Anchorman 2: Is It Possible to Have Too Much Ron Burgundy?

The promotional money-grab behind The Legend Continues threatens to turn off the very audience that made the original a cult sensation.

He’s reading local news in North Dakota. He’s interviewing Peyton Manning. He’s selling trucks. He’s sitting on a journalism panel at a (now slightly less) prestigious college. He’s…hosting a Canadian curling competition?! Dear God, Ron Burgundy is everywhere. I need to get some air. Wonder what the weather’s like outside…

BURGUNDYYYYYY!!!!!

This holiday season has been dominated by another man in a red suit. For months now, Burgundy, the aloof newsman Will Ferrell introduced in Adam McKay‘s cult hit Anchorman, has been at the center of a formidable marketing thrust with a singular goal: ensuring no humanoid denizen of Planet Earth remains ignorant of the fact that Anchorman 2: The Legend Continues is now in theaters. While the campaign is being promosexually praised for its innovation, it’s also fouled up the long relationship it’s had with its core audience: plugged-in, pop-culture-savvy millennials who were high school- or college-age when the original came out and cemented its longevity with repeat DVD viewings and quotation sessions.

Released in 2004, Anchorman predates stuff like the iPhone, YouTube and Twitter — the precise tools the sequel team is exploiting to spread Burgundy’s mustachioed mug to every corner of the charted universe. (Facebook was technically launched a few months before the original’s release, but it didn’t expand nationally until much later.) It was a modest but unimpressive domestic and international box-office success at that time, but those figures had very little to do with the movie’s identity. Indispensable comics like Ferrell, Paul Rudd and Steve Carell were not nearly as ubiquitous back then, lending to a sort of we-knew-them-first staying power that adhered all those “stay classy,” “Sex Panther” and “I love lamp” catchphrases to the kinda-stoned zeitgeist.

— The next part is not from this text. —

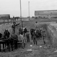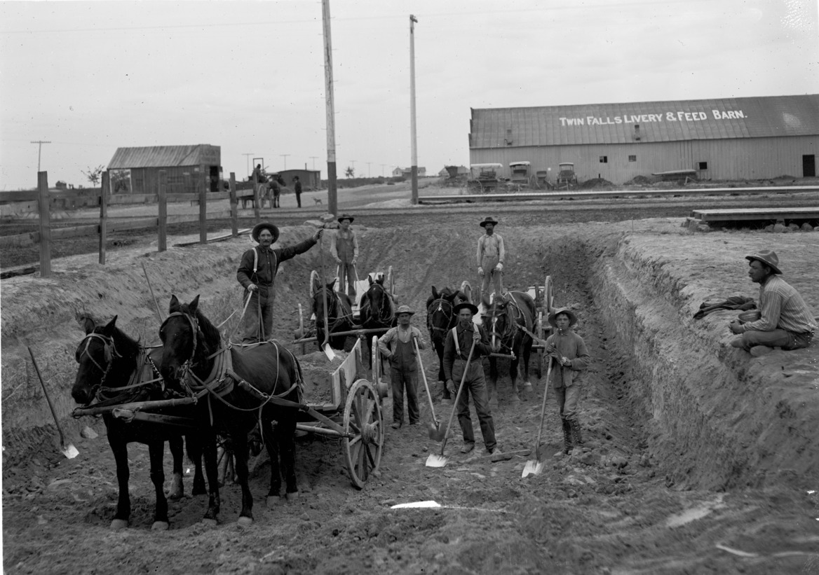 Teams of men and horses excavate a site. Twin Falls Livery and Feed Barn and a blacksmith shop in the background.

Skip ahead nearly a decade, with the mugging faces of these well-established characters plastered across every TV screen and touch-sensitive device, and the non-stop trumpeting of The Legend Continues mostly comes off as a mildly amusing corporate-backed money grab. But that’s not to say it doesn’t have its riotous moments.

Relocated to New York City from a whale’s vagina San Diego, Burgundy and wife/co-anchor Veronica Corningstone (Christina Applegate) are both up to take over the evening chair from retiring anchor Mack Harken (Harrison Ford). When she gets the gig and he doesn’t, it splits up their marriage, sending Burgundy into a tailspin that rights itself when he gets an offer to join a fledgling 24-hour news network called “GNN.” Cue get-the-band-back-together montage, with Burgundy traveling around the country to wrangle drooling sportscaster Champ Kind (David Koechner), horndog reporter Brian Fantana (Rudd) and brain-dead weatherman Brick Tamlin (Carrell). It’s these moments that come closest to nailing the original Anchorman appeal, which peters off considerably once the plot splinters into different storylines, like Burgundy’s rivalry with star anchor Jack Lime (James Marsden).

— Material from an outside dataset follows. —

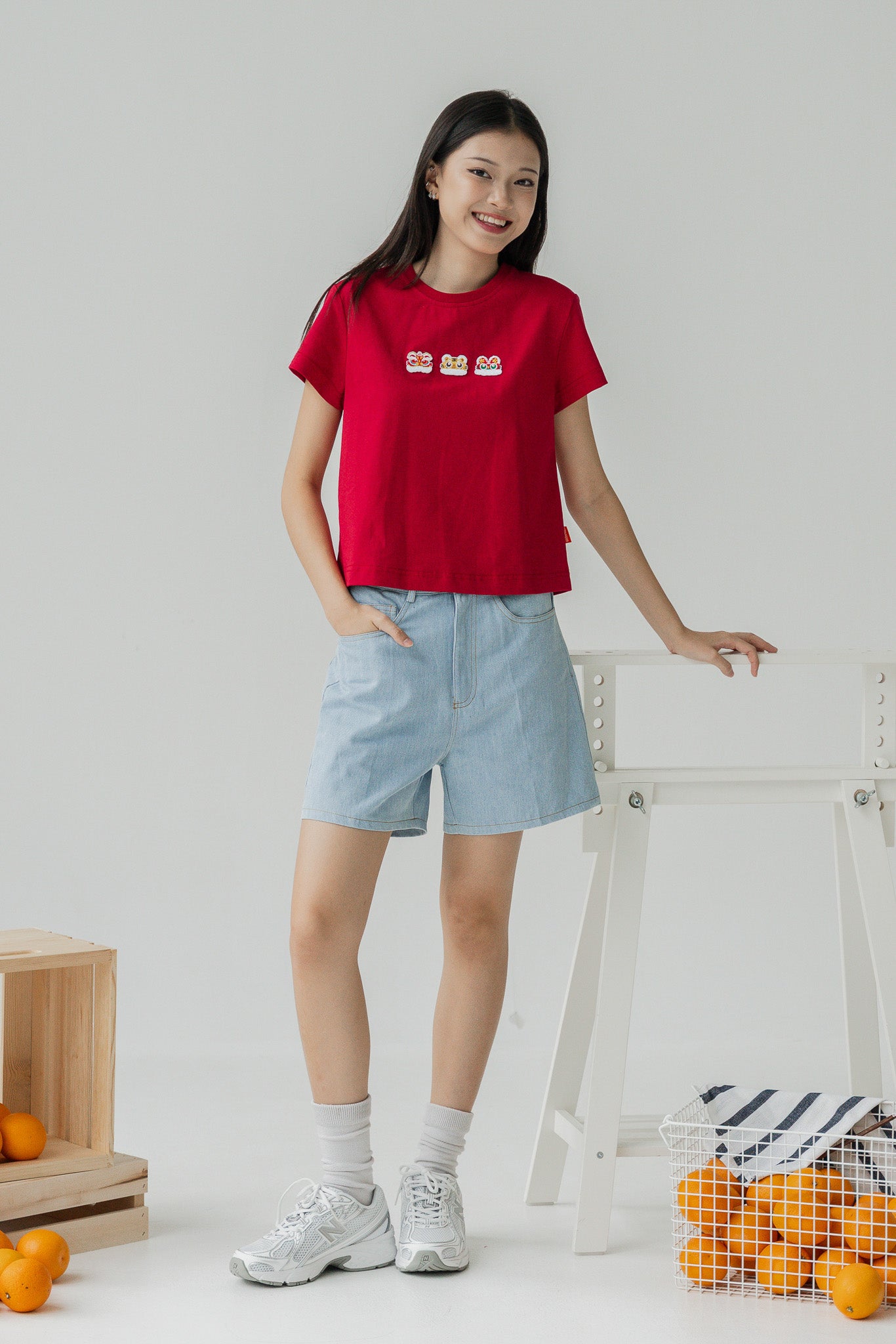 Lucky Lion Women's Tee in Red

For all the teed-up easy jokes it emits, the script does have something interesting to say about the state of modern television news. “Why do we have to tell people what they need to hear?” ponders Burgundy, frustrated by the dullness of actual current events, in a production meeting. “Why can’t we just tell them what they want to hear?” This leads to his crew’s innovation of a vapid-bullshit approach to broadcasting that’s intellectually vegetative but oddly watchable — pretty much the same exact model employed on TV today. It’s an easy insight, sure, but it’s refreshing coming from a movie that’s being promoted on underpants.